[Records to process]

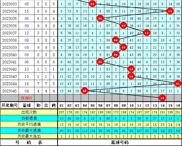蓝球分析:偶数蓝球近期表现活跃,目前连续开出6期,本期看好偶数蓝球再次开出,蓝球关注14。
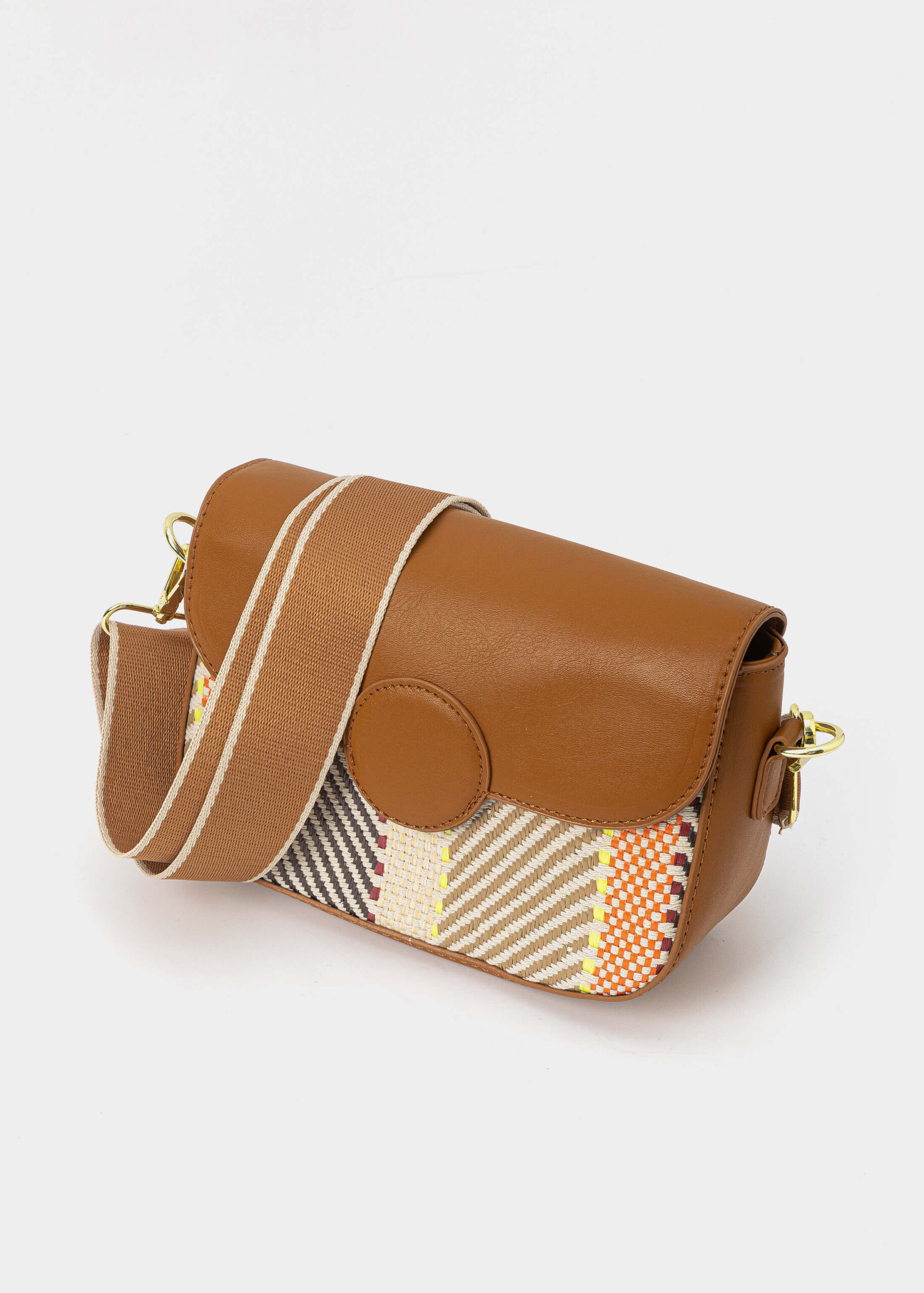 حقيبة نسائي, جلد, تصميم مطرز من الامام, زر من الامام للاغلاق, سحاب من الاعلى,حزام يد قابل للتعديل, انيق وعصري
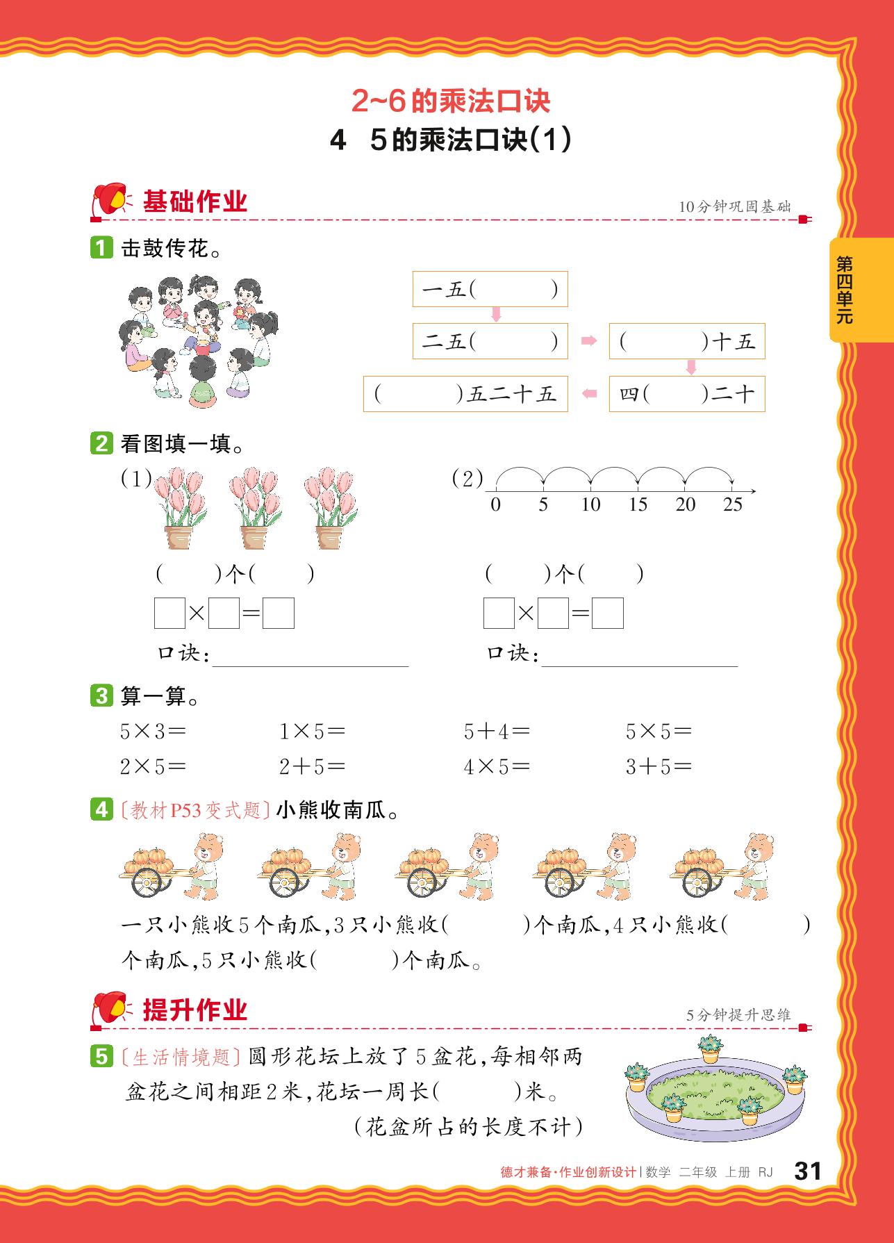 2024秋上册二年级数学人教版 第四单元 表内乘法(一)——4. 5的乘法口诀(1)
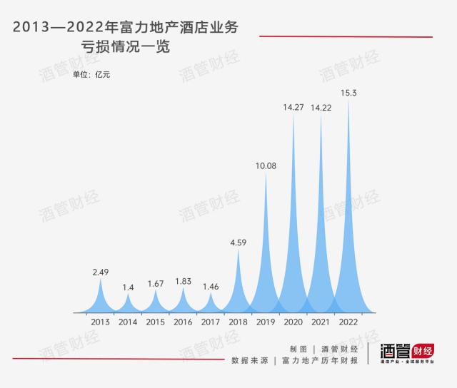 2018 年— 2022 2000年,富力地产酒店业务亏损分别为 4.59 亿元、10.08 亿元、14.27 亿元、14.22 亿元、15.3 亿元。
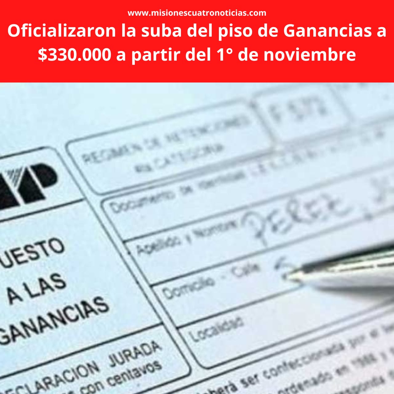 La suba del mínimo no imponible del Impuesto a las Ganancias a $330.000 a partir del 1 de noviembre próximo quedó oficializada este viernes con su publicación en el Boletín Oficial.
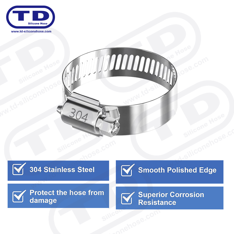 1.Material Compatibility: Ang materyal ng silicone hose clamp ay kailangang maging katugma sa silicone hose upang maiwasan ang pinsala sa medyas dahil sa mga reaksyon ng kemikal o kaagnasan. Tinitiyak ng pagiging tugma na ang hose clamp ay hindi nagiging sanhi ng pinsala sa medyas, sa gayon ay pinalawak ang buhay ng serbisyo ng medyas.
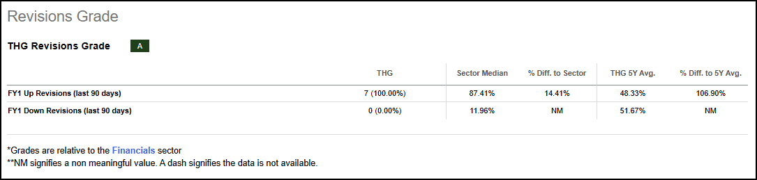 From an income perspective, THG’s dividend growth potential stands out with a one-year growth rate that’s 50% above the financials sector, accompanied by 18 consecutive years of increases. THG’s track record of strong execution, ongoing investments and technology, and capital allocation discipline indicates that both its share price and dividend are well-conditioned for continued growth.
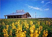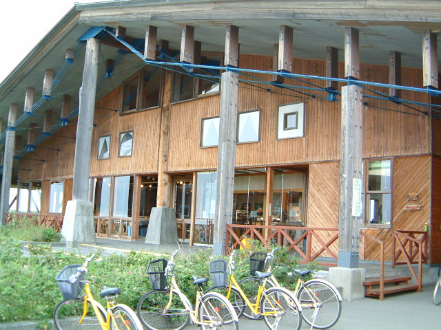 ワッカ原生花園のセンターハウス。休憩所を兼ねた建物の中には付近の自然や原生植物のパネルの展示をしている。自然保護のため自動車、バイクはセンターから先は入ることができない。ワッカ原生花園を周る馬車や自転車のレンタルあり。 |
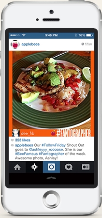 While more brands have been stocking up on user-generated and influencer content the past few years, Applebee’s latest campaign is an interesting example of a marketer going all in on the tactic to fuel its social strategy. To participate, consumers must first opt in via a microsite that gives Applebee’s permission to post content to its account. Then, anything that those users post with #Applebees or the campaign’s #Fantographer hashtags is up for grabs for posting. Each posted photo is framed with a branded border.
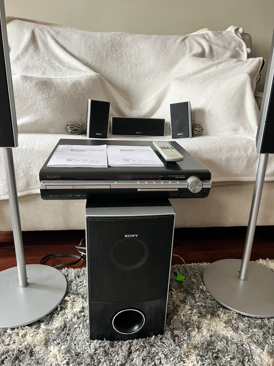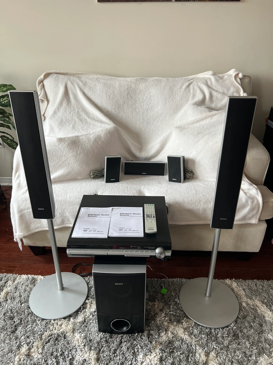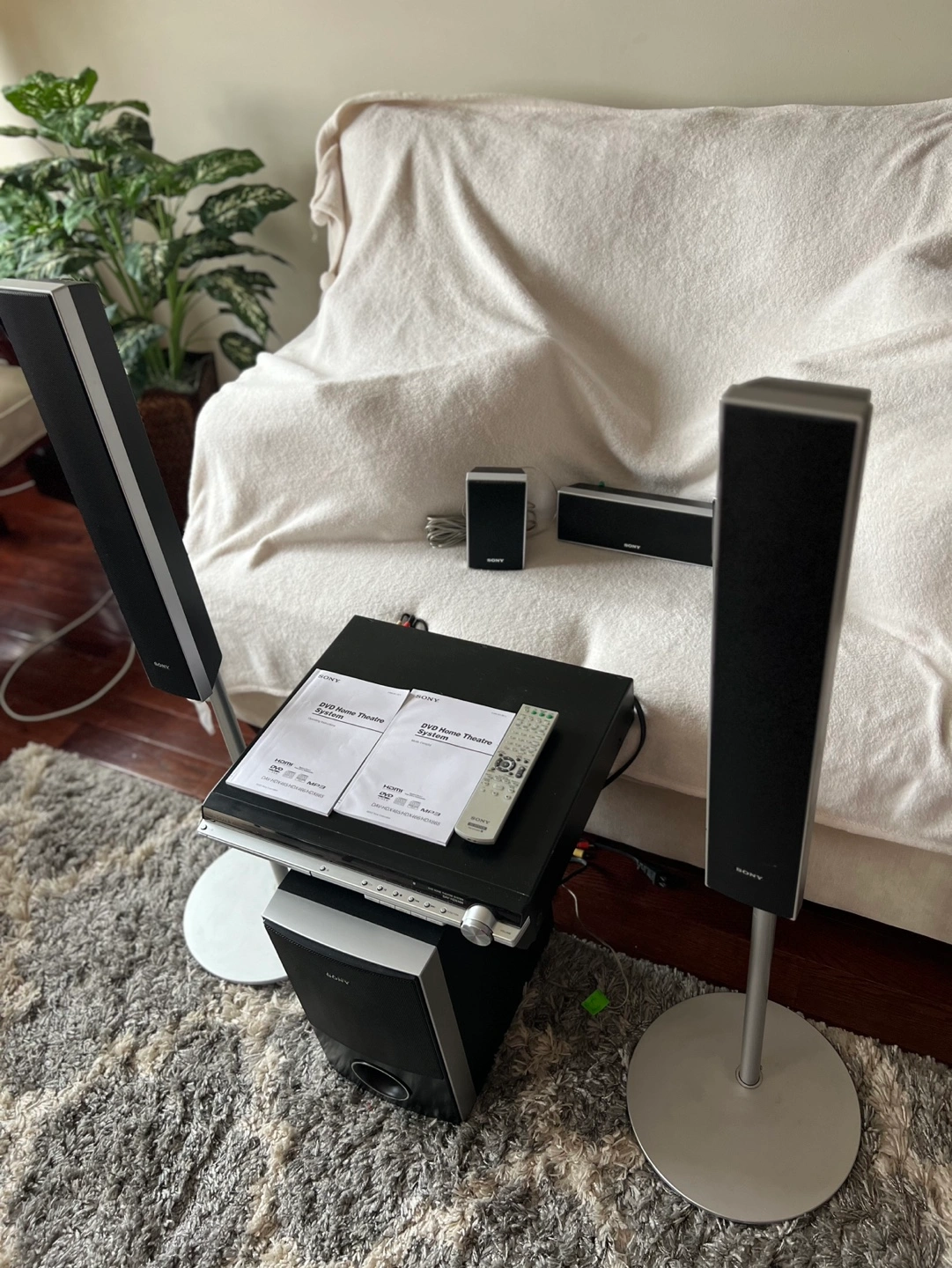 455.1 channel home theatre system. Includes DVD player, subwoofer, two floorstanding speakers, centre speaker and two satellite speakers. Remote and manuals included. Pre-owned.

[/Records to process]

* _Task goal_:
Copy nothing but the lines above from the one with "2018 年— 2022" to the one with "ワッカ原生花園のセンターハウ", inclusive, word for word. Leave every picture out.

* _Result for this task_:
 2018 年— 2022 2000年,富力地产酒店业务亏损分别为 4.59 亿元、10.08 亿元、14.27 亿元、14.22 亿元、15.3 亿元。
 La suba del mínimo no imponible del Impuesto a las Ganancias a $330.000 a partir del 1 de noviembre próximo quedó oficializada este viernes con su publicación en el Boletín Oficial.
 1.Material Compatibility: Ang materyal ng silicone hose clamp ay kailangang maging katugma sa silicone hose upang maiwasan ang pinsala sa medyas dahil sa mga reaksyon ng kemikal o kaagnasan. Tinitiyak ng pagiging tugma na ang hose clamp ay hindi nagiging sanhi ng pinsala sa medyas, sa gayon ay pinalawak ang buhay ng serbisyo ng medyas.
 From an income perspective, THG’s dividend growth potential stands out with a one-year growth rate that’s 50% above the financials sector, accompanied by 18 consecutive years of increases. THG’s track record of strong execution, ongoing investments and technology, and capital allocation discipline indicates that both its share price and dividend are well-conditioned for continued growth.
 ワッカ原生花園のセンターハウス。休憩所を兼ねた建物の中には付近の自然や原生植物のパネルの展示をしている。自然保護のため自動車、バイクはセンターから先は入ることができない。ワッカ原生花園を周る馬車や自転車のレンタルあり。 |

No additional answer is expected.